Let me say that this is not a rant….I just need the chance to voice my concern over Will & Jack’s latest Christmas request.  Will asked Santa for “Cowboy stuff.”  Will specifically asked for a cowboy belt, hat, chaps, rope…and cap gun.  Jack specifically asked Santa for a full Indian headdress, chaps…and cap gun (bow and arrow were optional).

At the mention of such items, I became nostalgic for the days of the Lone Ranger and Tonto, circa 1959?  I thought it was really cute that both boys wanted to dress up like John Wayne and Geronimo.  I couldn’t help but to think of the photo ops.  Even the cap guns didn’t sound so bad, since Santa would only give them a gun sans caps.  Harmless enough, right?

While getting the boys ready for church this morning, I asked Will about his Christmas list.   This is when said, “Oh, Mommy…I’m so excited about Christmas!  I can’t wait to get my cowboy stuff.  Jack can’t wait either.  As soon as we get it, we plan to have a “real war” in the backyard.  Won’t that be awesome?!”

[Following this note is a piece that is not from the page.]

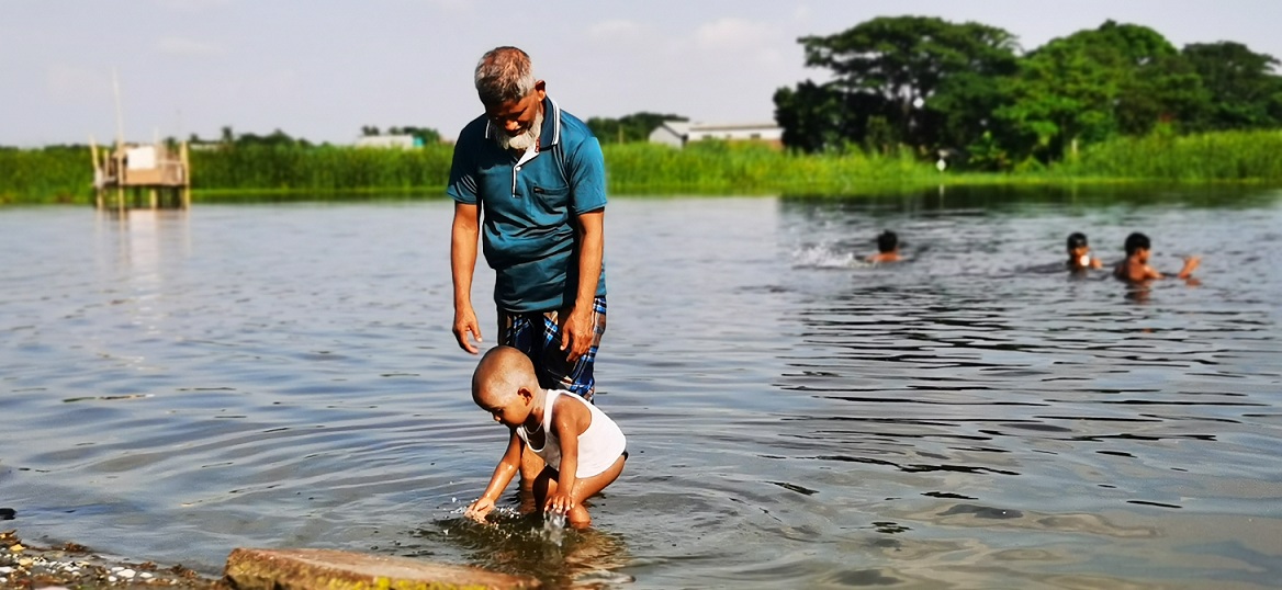 在孟加拉国首都达卡东南郊区的达舍尔甘地村,一片片池塘和河流形成密布的水系,当地孩子们尽情地跳进清澈的河水中嬉戏玩耍。
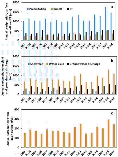 Annual precipitation, surface runoff, and ET (a); snowmelt, water yield, and groundwater discharge (b); and stream discharge (c).

My heart stopped.  This could mean scrapes, cuts, and the hurling of dogpoo (it’s happened before).  I’ve seen the boys reenact “war” before.  It was right after they saw Narnia and Peter Pan.  They were obsessed with swords for months.  I refused to buy play swords, so every tree branch and stick was brandished as a sword.  As soon as I heard the words, “On guard” or “Walk the plank!,” I was there in a heartbeat screaming, “Drop the sticks!”   See, I don’t want anyone to get hurt…at the same time, I don’t want them to lose their sense of adventure and what it means to be a boy.  It’s a dilemma.  Plus, I’m in constant fear that someone from the Department of Children Services will come knocking on my door any minute wanting to know why Will has a black eye or why Jack ‘s fingernail is peeling away from the cuticle (that happened as a result of climbing the neighbor’s fence and getting his finger caught between the slats).  Even the pediatrician’s office knows our insurance information by heart…now, we are just ushered into the same room – Examination Room #3, thank you.

I guess I’m just giving up.  This is life with boys.  Santa is bringing cowboys gear and such.  I think I better stock up on Super Hero bandaids.  It’s just a hard knock life with boys.  Life would be so boring without them.  I love ’em.  Thank God for little boys.  Thank God for my boys.